Furthermore, essential oils subsp. microphyllum (Willd.) Nyman from Sardinia were mostly dominated by neryl acetate (26–35.6%) and nerol (9.1–14.4%) [83][84][85], while neryl propionate (up to 11.4%), γ-curcumene (up to 18.2%), and eudesm-5-en-11-ol (up to 23.5%) were also present in significant amounts. Melito et al. [86] examined 146 Helichrysum Italicum subsp. microphyllum genotypes from the seaside (0–60 m above the sea level) and mountains (600–1250 m above the sea level) in Sardinia to prove the influence of altitude and climate on the Helichrysum italicum essential oil composition. The results showed that there is a correlation between the habitat type and the secondary metabolite production based on significantly (p < 0.0001) different essential oil compositions between both habitats. Considering the importance of climatic factors on the chemical composition of the essential oil, the quantity of nerolidol was correlated with the mean winter temperature, while italicene, bergamotene, nerol, and curcumene were positively correlated with spring and summer percipitation. Similarly, two studied genotypes of Helichrysum italicum subsp. microphyllum from Corsica were rich in neryl acetate (up to 55.7%), and also contained appreciable amounts of neryl propionate (up to 12.7%) [6]. On the other hand, Helichrysum italicum subsp. microphyllum essential oil from Crete contained mainly sesquiterpenes β-selinene (up to 17.2%) and γ-curcumene (up to 13.7%) followed by α-selinene (up to 5.39%) [87].

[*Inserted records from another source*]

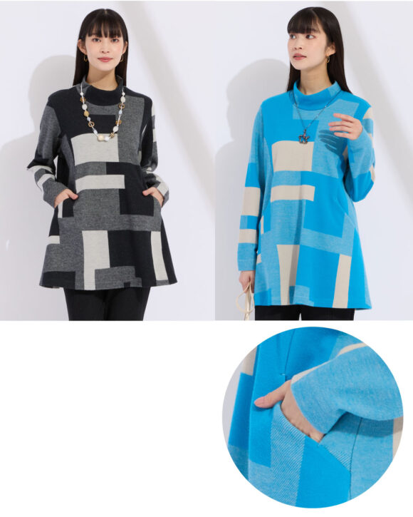 やわらかで肌触りの良い両面起毛素材。ハイネックで衿元をカバー。長めの着丈で腰回りも暖かく。寒い季節にも嬉しいウォーム感あるチュニックです。
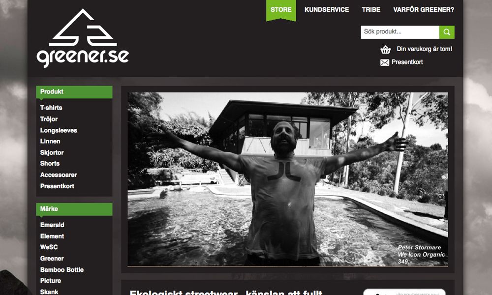 Greener.se heter en nystartad webshop där fokus ligger på ekologisk streetwear. Grundaren av sajten, Johan Norbäck, har mångårig butikserfarenhet från Intersports Karlstadsbutiker. Dessutom är han en hängiven skidåkare och mountainbikecyklist.
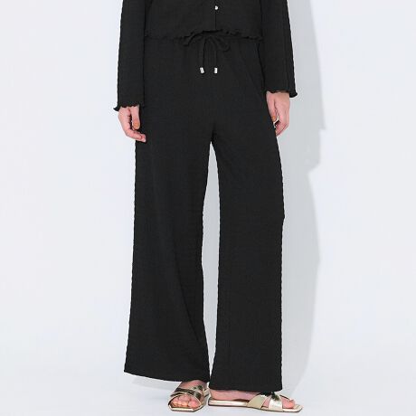 凹凸感のあるシボシャーリング素材が魅力の無地パンツ。

It must be noted that many authors did not specify the subspecies of Helichrysum italicum from which the studied essential oils were obtained. For example, Croatian oil samples (subsp. not specified) were dominated by neryl acetate as a major compound (11.5%) [88], while a surprisingly lower content of neryl acetate (up to 9.02%) was present in Helichrysum italicum essential oils from the Croatian Adriatic coast (subsp. not specified), where α-pinene (up to 29.9%), and α-curcumene (up to 28.64%) were determined as major compounds [89]. In a recent study, Oliva et al. [90] analyzed the composition of Helichrysum Italicum essential oil (subsp. not specified) from Montenegro. According to the results, essential oil from the liquid phase possessed high amounts of sesquiterpenes β-eudesmene (21.65%), and β-bisabolene (19.90%), as well as monoterpenes α-pinene (16.90%) and neryl acetate (10.66%). On the other hand, the vapor phase was enriched with monoterpene hydrocarbons fraction with α-pinene (78.76%) as the major compound.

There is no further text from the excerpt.